Tan Binliang

Personal information
- Date of birth: 4 November 1989 (age 35)
- Place of birth: Shenzhen, Guangdong, China
- Height: 1.74 m (5 ft 9 in)
- Position(s): Midfielder

Youth career
- Shenzhen FC

Senior career*
- Years: Team / Apps / (Gls)
- –2013: Guangdong Sunray Cave
- 2013: Jönköpings Södra / 0 / (0)
- 2013–2020: Shenzhen FC / 41 / (2)
- 2018: → Nantong Zhiyun (loan) / 19 / (5)
- 2020: → Nanjing City (loan) / 5 / (0)
- 2021: Nanjing City / 7 / (0)
- 2021: → Shanxi Longjin (loan) / 6 / (0)
- 2022: Jiangxi Beidamen / 16 / (0)
- 2023: Shenzhen Juniors / 0 / (0)

= Tan Binliang =

Chinese footballer

Tan Binliang (谭宾凉; born 4 November 1989) is a Chinese footballer who plays as a midfielder.

==Career==

Before the 2013 season, Tan signed for Jönköpings Södra in Sweden after playing for Chinese second division side Guangdong Sunray Cave, becoming the first Chinese player to play in Sweden, where he suffered an injury and from loneliness.

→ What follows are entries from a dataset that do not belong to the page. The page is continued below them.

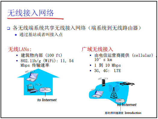 - 寬帶接入:從撥號 modem(56Kbps)→ DSL(專用線路,下行≤24Mbps)→ 光纖到户(高帶寬、低延遲)。
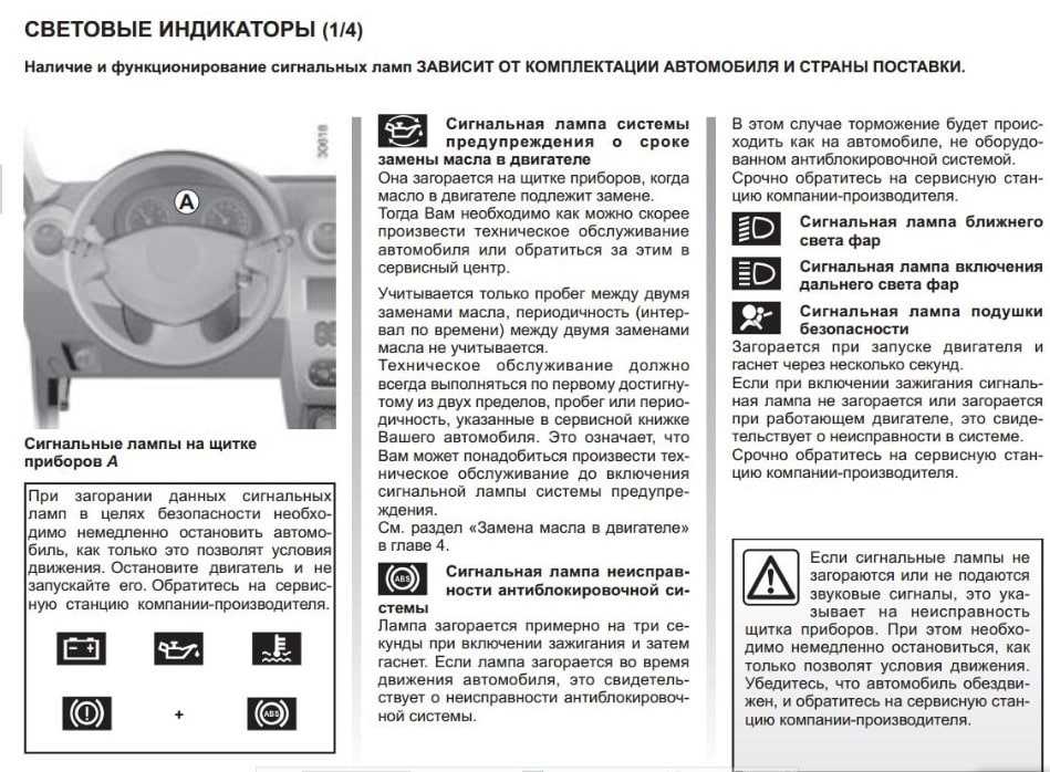Решается данная проблема простой заменой этих датчиков. Особое внимание следует обратить на индикатор в виде двигателя, его еще называют чек, он отвечает за систему двигателя, во время пуска силового агрегата он должен загораться и сразу гаснуть, если он продолжает гореть, то это предупреждает что имеются неисправности в системе двигателя. Если данный индикатор начинает мигать это может быть связанно с нестабильной подачей искры, поэтому желательно снизить обороты. Как видите панель достаточно информативная, и если знать за что отвечает каждый элемент, то можно довольно быстро определить причину неисправности, и чтобы понимать обозначение, ниже представлен список значков с описанием:
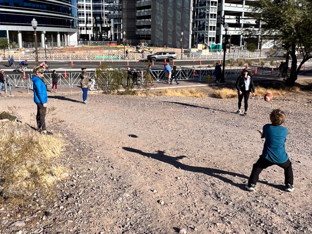 Just down from that hill in the earlier photo and still in sight of the bike course there was a clearing. Kasen had chosen to pack a football for his entertainment. Katie, Meryl, and Kirby were talked into playing catch.

In 2013, Tan signed for Chinese second division club Shenzhen FC, where he made over 27 league appearances and scored over 0 goals.

Before the 2018 season, Tan was sent on loan to Nantong Zhiyun in the Chinese third division, where he suffered a broken leg.

Before the 2021 season, he signed for Chinese second division team Nanjing City.